After the public service, she was taken the 60 miles to Guthrie in a white hearse, and her family had a smaller private service at her graveside in Summit View Cemetery. Without his little girl, Curtis couldn’t just stay in Purcell. He got a new job and moved to Guthrie. For a long time, he didn’t know how to keep on living without her, but eventually, he realized Jamie wouldn’t want him to feel that way. He said, “I know she’d want me to go on.” Curtis said he looked forward to reuniting with his daughter in heaven. When that happens, he said, “I’ll probably just give her a big old hug and tell her I miss her.” Her Aunt Tenia Lee said she tries to remember the good times. She said, “I don’t want her to fade away. She’s part of history and I want people to know that she really did exist.”
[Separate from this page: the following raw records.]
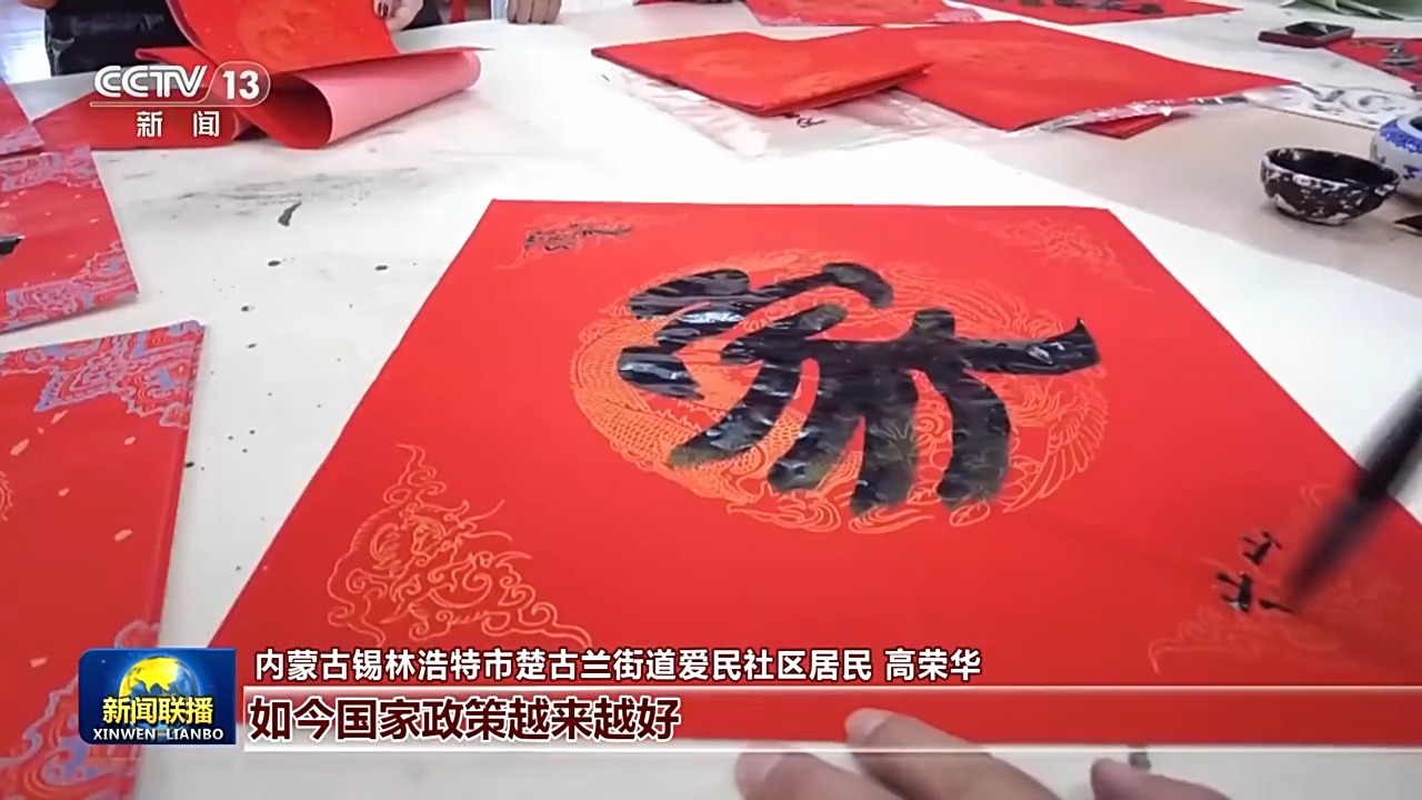 春節(jié)臨近,位于遼寧沈陽的長安小區(qū)十分熱鬧。社區(qū)的舞蹈隊正忙著排練節(jié)目,為新春表演做準(zhǔn)備。書法愛好者現(xiàn)場揮毫潑墨,將祝福寫進一副副春聯(lián)中。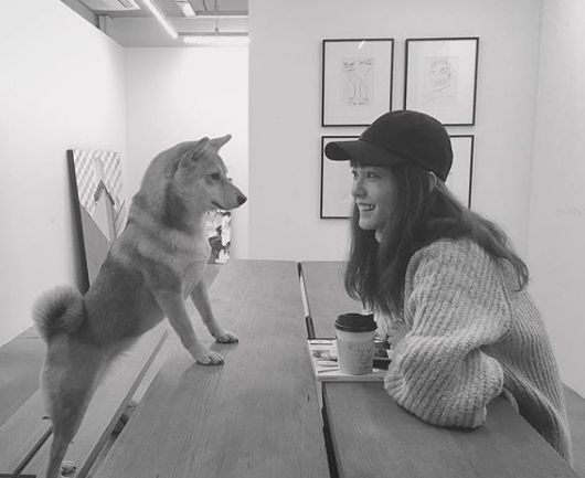공개된 사진 속에는 테이블에 마주 앉은 정유미와 강아지의 모습이 담겨있다.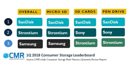 CMR首席分析师Shipra Sinha表示:“尽管智能手机内置存储卡销量巨大,Micro SD成为增长的领跑者和贡献者。第一季度刚开始,消费储存市场由于需求低迷而缓慢,但是在3月恢复。SanDisk为印度消费存储市场出货量贡献近一半,并一直保持领导地位。”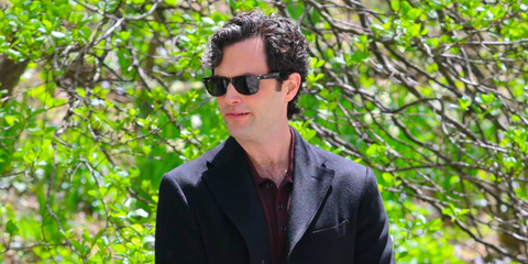 Penn Badgley was seen wearing black Ray-Ban New Wayfarer 2132 901/58 Polarised sunglasses on the set of Netflix series You, in New York City, April 2024

Her mother, Jennifer, went through dark times after her daughter’s murder. She had always dreamt of being a truck driver, but because of that dream, she ended up blaming herself for Jamie’s death. She thought she should have been home with Jamie instead of out on the road. She told a reporter, “I think about her all the time, to be honest. There’s not a day that doesn’t go by that I don’t think about her.” She was a year sober when Jamie died, but she soon fell off the wagon and it would be years before she got clean again. During her darkest time, she said, “Basically, I lost it. I called my mom up and I said, ‘Mom, I want to be with Jamie. I want to go where she’s at. She needs me.’ And that’s selfish of me to think that way cuz I’ve got two other girls I’ve got to stay here for.”
As the years passed, Jamie’s mom posted messages on her memorial page as a way to talk to her after she was gone. Jennifer took comfort in thinking about Jamie surrounded by other relatives that had passed and imagined her little girl all grown up. In February of 2014, she posted the following message: “To my sweet Jamie, I love and miss you so very much. With every Angel date, birthday, and holiday that passes, I go see you. When a breeze blows through my hair, I say hello Copper Top. I miss you so very much. I catch myself imagining what you would be like and look like now. I know you would be a gorgeous, loving, charismatic young lady.”
In May of 2020, she posted: “Hey Copper Top. Been thinking about you so much lately. Grandma Rose, Aunt Chris, and Gigi are there with you now. I know you are all happy. Just know we miss you all and love you very much. Love always, Mommy.”
That was the last message Jennifer left for her daughter. On October 11th, 2023, Jennifer passed away. She was buried at Summit View Cemetery in Guthrie next to her baby girl.